Action item:
Quote the whole listing exactly. Leave the pictures out of your copy.

Given information:
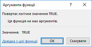Функція TRUE в Excel повертає логічне значення TRUE, і не використовує ніяких вхідних аргументів функції. Дана функція виступає оберненою до функції FALSE.
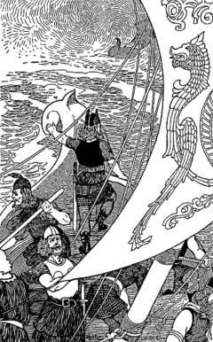 "This is a glorious sight," they said. "Surely no ship ever carried a richer load. Inside and out the boat blazes with gold and bronze, and, high over his riches, lies the great Ingolf, ready to take the tiller and guide to Valhalla, where all the heroes will rise up and shout him welcome."
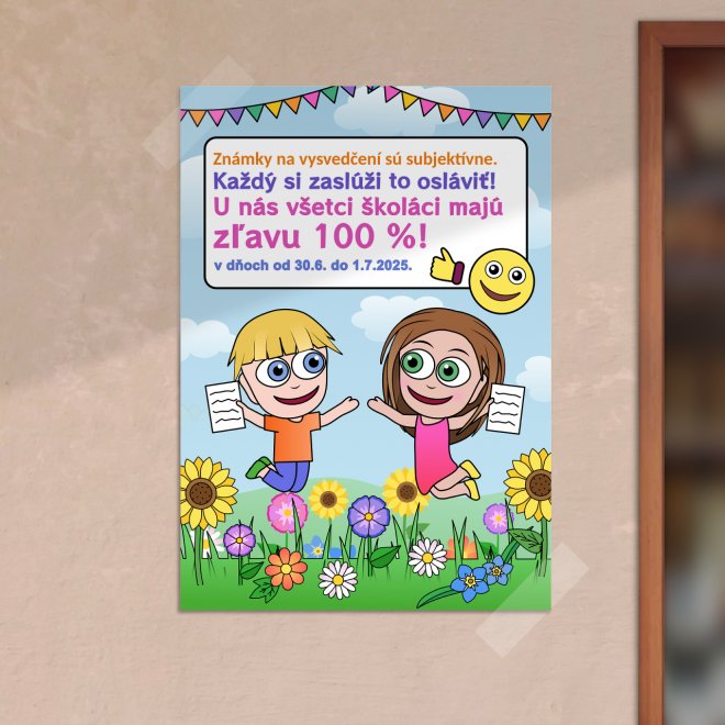 Takto si predstavujem reklamu, ktorá má zmysel. Pútavú, ktorá spraví radosť aj deťom, aj danému podniku prostredníctvom reklamy (a mne kúpou a využitím mojej grafiky :D). Ale hlavne – reklamu, ktorá má aj myšlienku, ktorá čo decentne pripomenie rodičom aj žiakom, že hodnotiť deti podľa známok a podmieňovať na základe toho odmeny (ba dokonca tresty) je ako merať lásku pravítkom. Jeden veľký samoúčelný až škodný nezmysel.
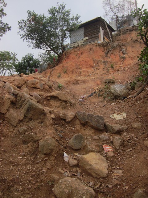 with his mother and five brothers and sisters. There are two twin beds (old, moldy stacked mattresses), mud floors.

Response area:
Функція TRUE в Excel повертає логічне значення TRUE, і не використовує ніяких вхідних аргументів функції. Дана функція виступає оберненою до функції FALSE.
 "This is a glorious sight," they said. "Surely no ship ever carried a richer load. Inside and out the boat blazes with gold and bronze, and, high over his riches, lies the great Ingolf, ready to take the tiller and guide to Valhalla, where all the heroes will rise up and shout him welcome."
 Takto si predstavujem reklamu, ktorá má zmysel. Pútavú, ktorá spraví radosť aj deťom, aj danému podniku prostredníctvom reklamy (a mne kúpou a využitím mojej grafiky :D). Ale hlavne – reklamu, ktorá má aj myšlienku, ktorá čo decentne pripomenie rodičom aj žiakom, že hodnotiť deti podľa známok a podmieňovať na základe toho odmeny (ba dokonca tresty) je ako merať lásku pravítkom. Jeden veľký samoúčelný až škodný nezmysel.
 with his mother and five brothers and sisters. There are two twin beds (old, moldy stacked mattresses), mud floors.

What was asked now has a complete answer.